When adults use calculus to solve problems, it is not enough to say that 0/0 is 'undefined.' 'Undefined' didn't put a man on the moon. 'Undefined' is just another way of saying, "I don't know." To know what 0/0 is, you have to know the speed at which both the numerator and the denominator go to zero. Think about this problem: lim x-> [c/x], where c is an arbitrary non-negative constant. As x goes to zero, the ratio c/x goes to infinity. Since zero is a non-negative constant, we might reasonably conclude that 0/0 is infinity. Now think about this problem: lim x-> [x/c], for any c as before. As x goes to zero, the ratio x/c goes to zero, so we can reasonably conclude that 0/0 is zero. Last, consider this problem: lim x-> [x/x]. Since the ratio is equal to 1 for every value of x, we can reasonably conclude that 0/0 is 1. The point is, 0/0 can be zero, infinity, or some constant (1 being an example), all depending upon which gets to zero faster, the numerator or the denomenator.

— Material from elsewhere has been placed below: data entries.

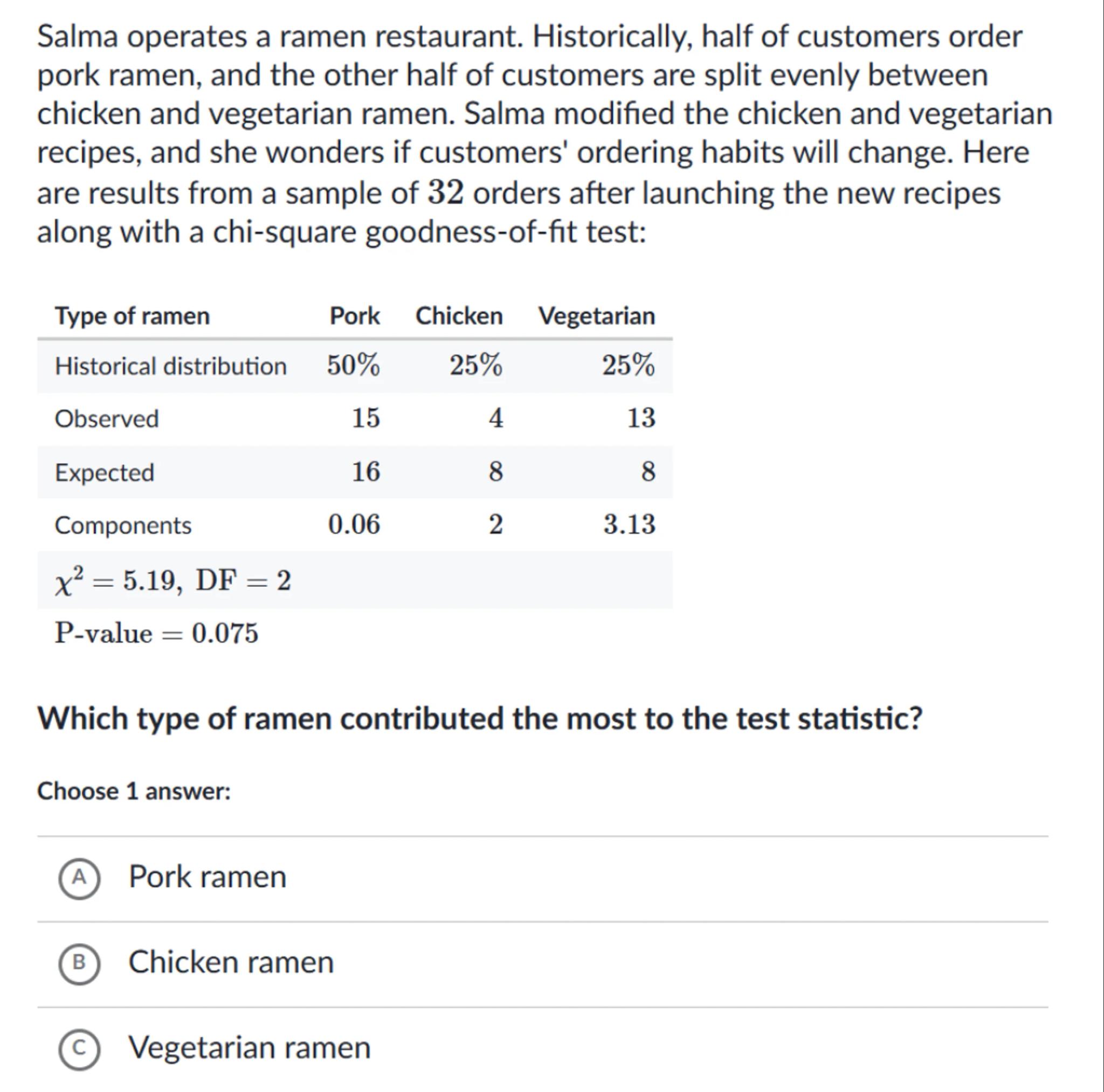 Salma operates a ramen restaurant. Historically, half of customers order pork ramen, and the other half of customers are split evenly between chicken and vegetarian ramen. Salma modified the chicken and vegetarian recipes, and she wonders if customers' ordering habits will change. Here are results from a sample of 32 orders after launching the new recipes along with a chi-square goodness-of-fit test:
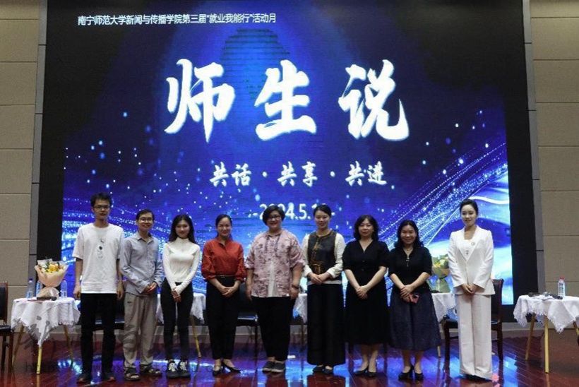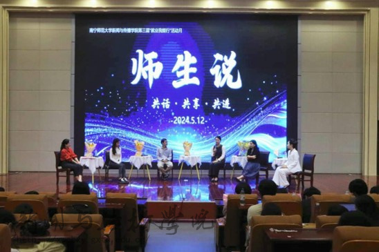 5月12日19时,新闻与传播学院于文综楼114报告厅开展“师生说”访谈会。这次访谈邀请了两名教师——新闻系主任林秀梅,广电系主任陈秋凌,和三名毕业生代表——2012届广播电视新闻学何汉立,2014届播音与主持艺术专业黄莹以及2022届新闻与传播专业蒋莉。
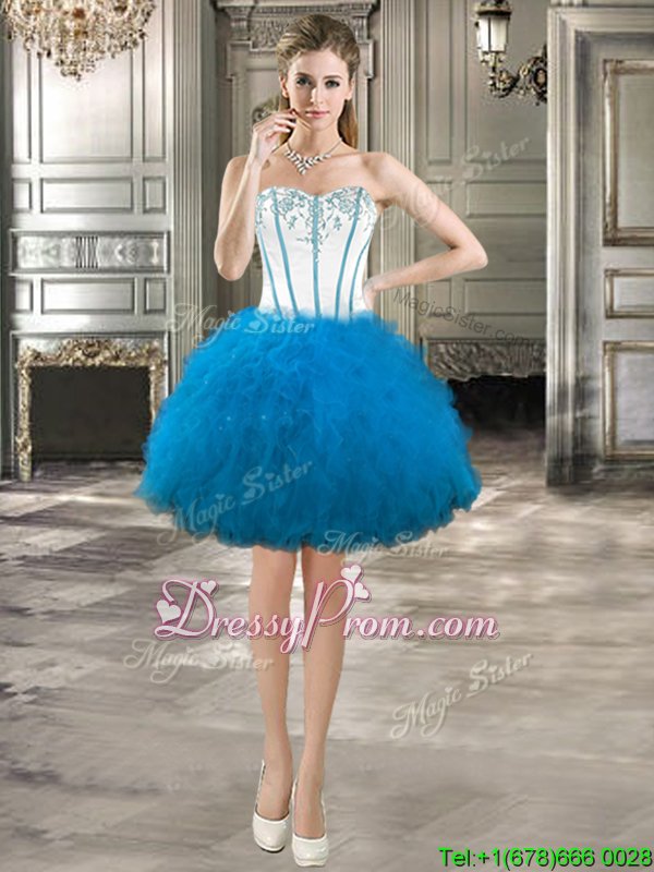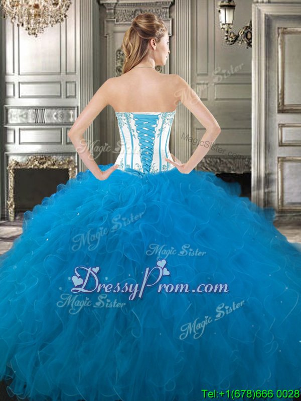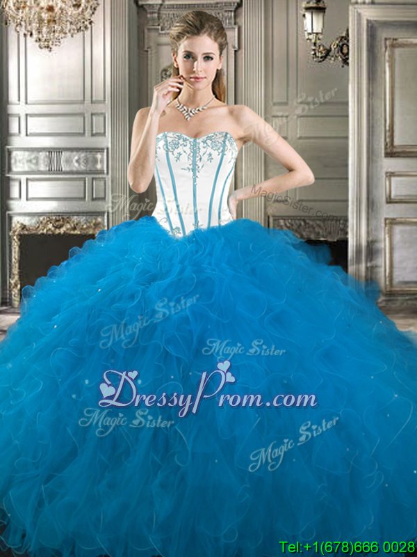 Neckline : SweetheartShown Color : White,Blue And WhiteSilhouette : Ball GownsSleeve Length : sleevelessHemline : floor lengthBack Detail : Lace upFabric : TulleEmbellishment : Embroidery,RufflesOccasion : Military Ball,Sweet 16,QuinceaneraSeason : Spring,Summer,Fall,Winter

l'Hospital's rule formalizes this argument and shows that for any N(x) and D(x) such that lim x->0 N(x) = 0 and lim x->0 D(x) = 0, lim x->0 [N(x)/D(x)] = lim x->0 [N'(x)/D'(x)]. In the Mean Girls problem, N(x) = ln(1-x)*sin(x) and D(x) = 1- cos^2(x). Taking derivatives of both numerator and denominator, we have that lim x->0 [N'(x)/D'(x)]= 0/0, so we're back where we started! Not to worry, we can simply apply l'Hospital's rule to again so that lim x->0 [N'(x)/D'(x)] = lim x->0 [N''(x)/D''(x)], which is equal to -2/2, or -1. So both girls were in fact wrong.